Michel Bernard
La Table Ronde, 211 pages, 20€.
Trois prénoms pour les trois parties de ce livre. Frédéric, Camille, Claude. Frédéric Bazille, l'ami des débuts, mort à la guerre de 1870, il a toujours soutenu Monet et lui a acheté ses premiers tableaux; Camille Doncieux, la première épouse tant aimée, la seule que M onet supportait lorsqu'il était en train de créer ; et Claude Monet lui-même, quand il se retire à Giverny, peint les Nymphéas, reçoit Clémenceau . Trois prénoms pour l''amitié, l'amour et la passion jamais tarie de créer.
On est bien loin du roman biographique classique tant le style de l'auteur, d'une élégance sans fioriture, fait surgir la beauté et l'émotion au détour de ses lignes, tant il saisist avec subtilité l'entremêlement de la vie et de l'oeuvre du grand peintre, l'amour de Camille et sa passion de peindre.
Lumineux!
d'Eugenia Almeida Trad. de l'espagnol,
Métailié, 249 pages, 18 euros.
À Buenos Aires, récemment, à la sortie d'un bar, une jeune femme braque son révolver sur un inconnu puis retourne l'arme contre elle-même et se tue. L'inconnu, lui, s'en va sans se retourner. Ce comportement singulier intrigue Guyot, un journaliste, et son intérêt est encore plus aiguisé quand ses amis policiers adoptent eux aussi une attitude des plus étranges. Cette histoire n'intéresse personne et pourtant il cherche, creuse fouille, remonte dans le passé, mais les cendres de la dictature des années 80 ne sont pas bien froides et à trop les remuer, on risque bien de s'y brûler les doigts.
Un roman oppressant, à l'intrigue implacable, qu'il faut lire entre les lignes, dans le blanc des conversations. Dans un style concis et avec une grande économie de moyens, l'auteur nous donne à comprendre le passé - pas si passé - de l'Argentine.
Serge Joncour
Flammarion, 427 p., 21€.
Ils partagent la même cour d'un immeuble parisien, mais c'est à peu près tout ce qu'ils ont en commun. Aurore emprunte l'escalier A, celui des appartements cossus. C'est une styliste reconnue, une mère de famille à qui tout semble réussir.
Du côté de l'escalier C par contre, tout est vétuste et désolé, et l'existence de Ludovic semble elle aussi très étriquée. Ce provincial, agriculteur sans ferme reconverti dans le recouvrement de dettes,veuf depuis 3 ans, mène à Paris une existence sans joie.

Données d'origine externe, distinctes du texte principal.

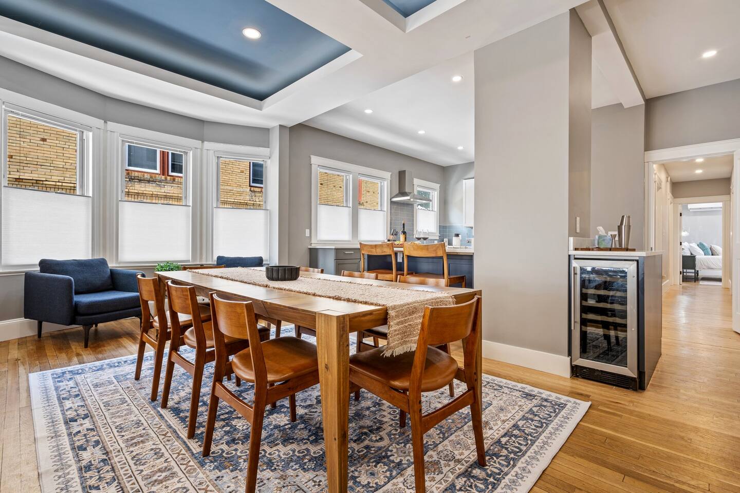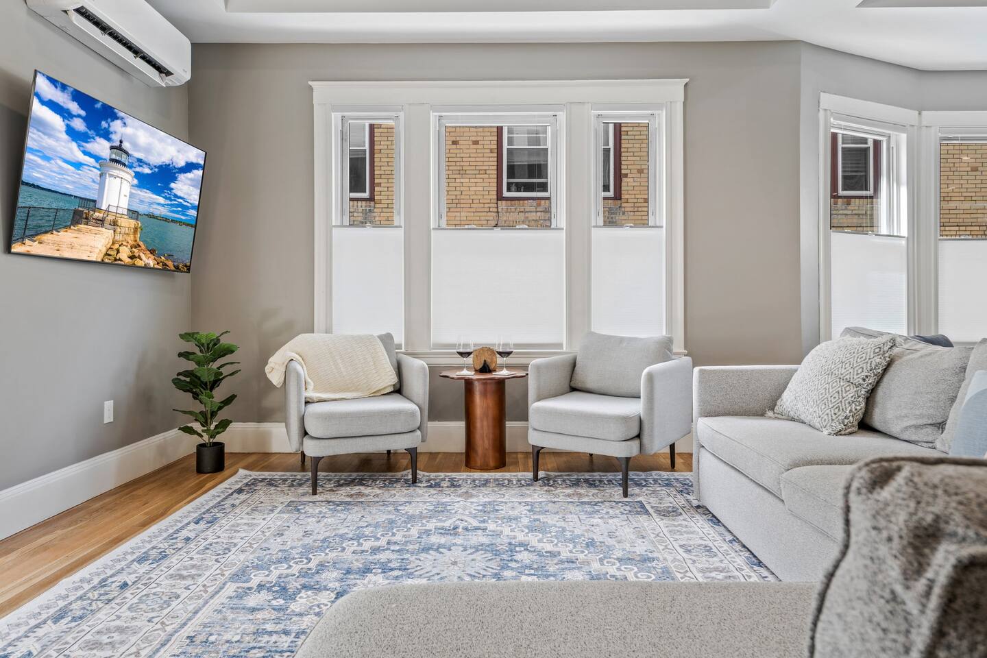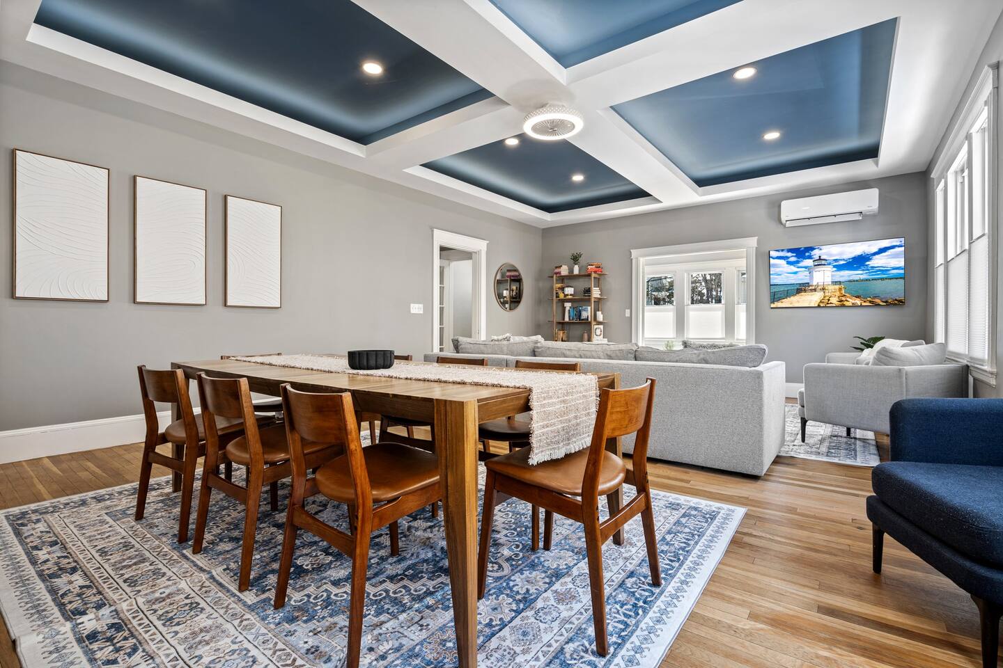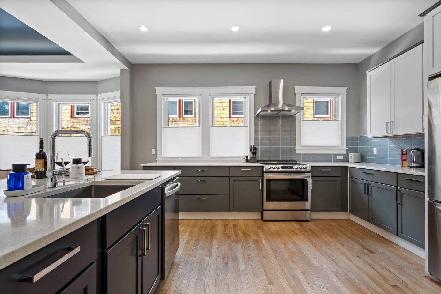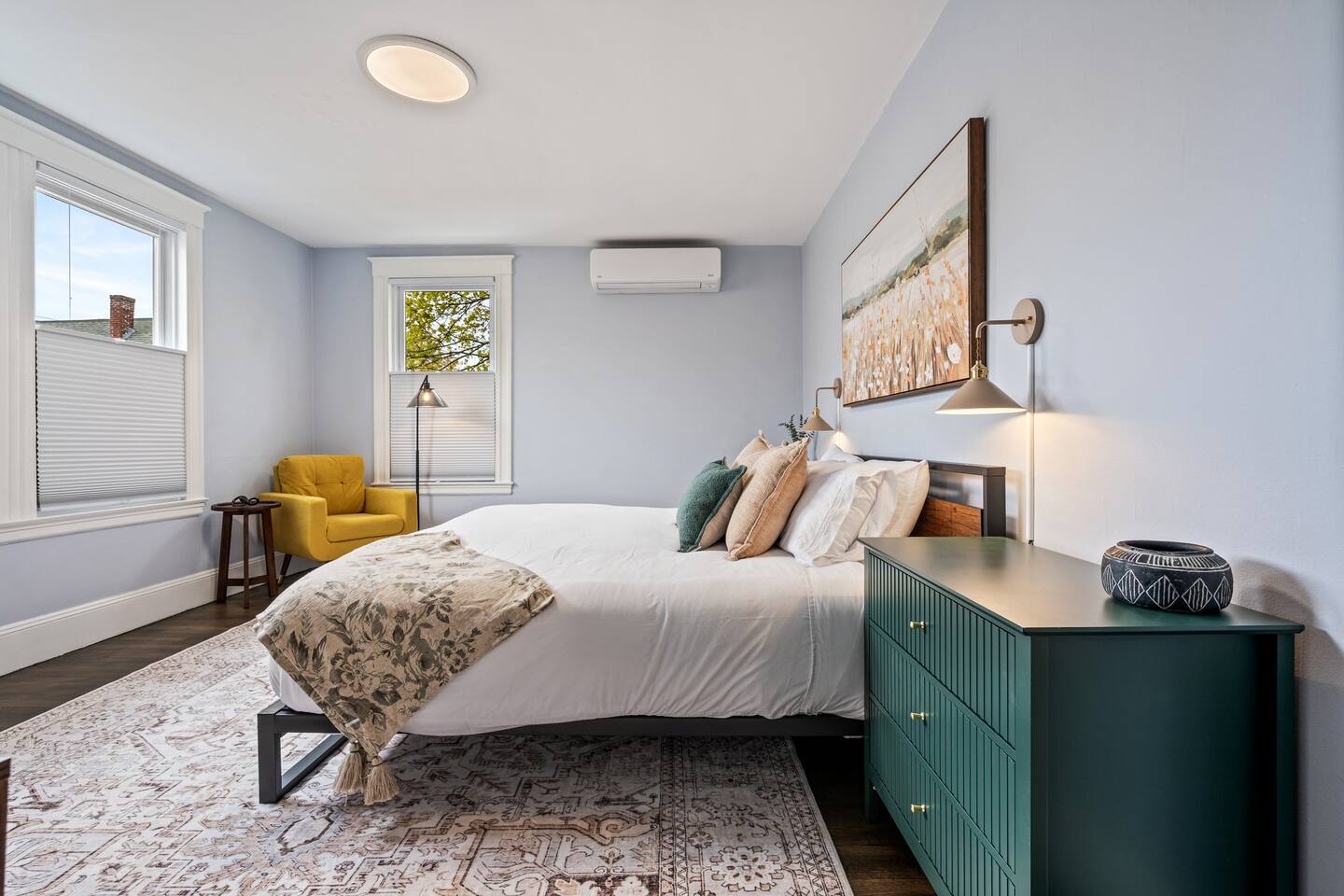 → Sleeps 16 | 6 Bedrooms | Queen Beds → Two sofa beds → Queen Air Mattress for additional guests → 4.5 Bathrooms → Two fully equipped kitchens → Two dining areas + breakfast bar seating → Two living rooms with Smart TVs → Board games & bay window seating → High-speed Wi-Fi → Washer & dryer in both units → Mini-split heating & AC in select bedrooms → High chair for families → Free on-site parking for select vehicles + free street parking nearby → Private balcony ☆☆ BEDROOMS ☆☆ The property features six spacious bedrooms designed as private, tranquil retreats for deep relaxation and privacy. Each room is a customized sanctuary equipped with its own split-system climate control, ensuring every guest can enjoy a personalized temperature for a perfect night's sleep. These quarters are styled with premium linens and a diverse range of high-end aesthetics, varying from serene nautical blue accents to sophisticated wood finishes and modern furniture that creates a boutique atmosphere. Beyond the comfort of the beds, the rooms are filled with thoughtful and stylish details. Guests will find functional touches such as arched gold-framed mirrors, designer rugs, and ambient bedside lighting that adds a warm glow to the space. For added convenience, each room offers ample storage in spacious dressers and nightstands, along with cozy accent chairs that provide the perfect corner for a quiet moment of reading or morning coffee. For additional flexibility, the home also provides a Queen air mattress available for additional guests if needed. ☆☆ BATHROOMS ☆☆ The property features four spa-inspired bathrooms and a convenient half-bath, each blending high-end functionality with sophisticated design. The primary bathrooms offer diverse bathing experiences, ranging from large glass-enclosed showers with custom mosaic tiling to full bathtubs with sliding glass doors. Each space is thoughtfully detailed with premium finishes, including marble vanities, modern integrated LED mirrors, and designer fixtures that range from contemporary chrome to elegant vintage-style brass. To ensure comfort for large groups, the bathrooms are equipped with ample storage and bright, airy layouts enhanced by natural light from strategically placed windows. Stylish touches such as decorative floral artwork, patterned tile flooring, and curated wall lighting create a boutique feel throughout. The addition of a clean, minimalist half-bath with a dedicated vanity provides extra convenience for guests during their stay. ☆☆ KITCHEN & LIVING AREA ☆☆ The home features two fully equipped kitchens and expansive social areas that are naturally bathed in sunshine. Each kitchen is designed with a modern aesthetic, boasting sleek charcoal cabinetry, high-end stainless steel appliances, and large islands that double as breakfast bars. These bright, open spaces flow seamlessly into the dual living rooms, where elegant coffered ceilings and plush sectional seating with two comfortable sofa beds for additional sleeping space are highlighted by the abundant natural light and direct access to a private balcony, extending the living space outdoors and creating an airy, inviting atmosphere. The property offers two distinct dining areas perfectly suited for hosting large groups. The main dining space features a grand wooden table that comfortably seats eight, set under a sophisticated ceiling design that creates a formal yet inviting atmosphere for shared meals. A second, more casual dining area provides additional flexibility, ensuring there is plenty of room for everyone to gather, eat, and socialize without ever feeling crowded. ☆☆ LOCATION ☆☆ Stay close to Portland’s best attractions while enjoying a quiet residential setting. 🎨 Arts District (10 min) – Museums, galleries, cafés, and creative energy. 🎭 State Theatre (10 min) – A historic venue hosting live performances and concerts. 🌊 Old Port & Eastern Promenade (10 min) – Waterfront views, cobblestone streets, shops, and restaurants. 🌳 Payson Park (8 min) – Expansive green space with recreation areas and trails. 🌅 Fort Allen Park (12 min) – Scenic views of Casco Bay and historic landmarks. ☆☆ COMFORT & CONVENIENCE ☆☆ ✔ High-speed Wi-Fi ✔ Smart TV ✔ Books & board games ✔ Hair dryer, fresh linens, and towels provided ✔ Coffee makers (Keurig + drip) ✔ In-unit washer & dryer ✔ Pack ’n Play for families

Ils ne font que se croiser, jusqu'au jour où une histoire de corbeaux les rapproche. Ces sinistres oiseaux insupportent Aurore jusqu'à la rendre hystérique. Il décide de l'aider car, elle ne sait comment, il semble tout comprendre de ses failles.
Lui , ce géant à l'air calme mais aux pieds d'argile, qui par son apparence semble dégager une telle force ; elle, qui possède tout, en fait ces deux-là vont combler les manques, trouver la force en l'autre. A travers leur histoire, c'est aussi toutes les difficultés de nos existences contemporaines qui sont passées au peigne fin à travers la sensibilité de l'auteur.
Un grand roman sur la fragilité, la solitude, doublée d'un suspense dramatique, et surtout, surtout, une magnifique histoire d'amour.
Gaël Faye,
Grasset, 224 p., 20€20
Rien de journalistique, pas d'intention historienne dans ce témoignage. Seulement le regard d'un adulte qui cherche celui de l'enfant qu'il était. Dans l'intimité de la violence vécue, l'écriture de Gaël Faye vient nous chercher aux tripes. L'auteur semble si proche, comme s'il se trouvait dans la même pièce que nous. On ne lâche bientôt plus le roman et par la suite, c'est le roman qui ne nous lâche plus: nous partageons désormais un peu de sa hantise percée de souvenirs lumineux.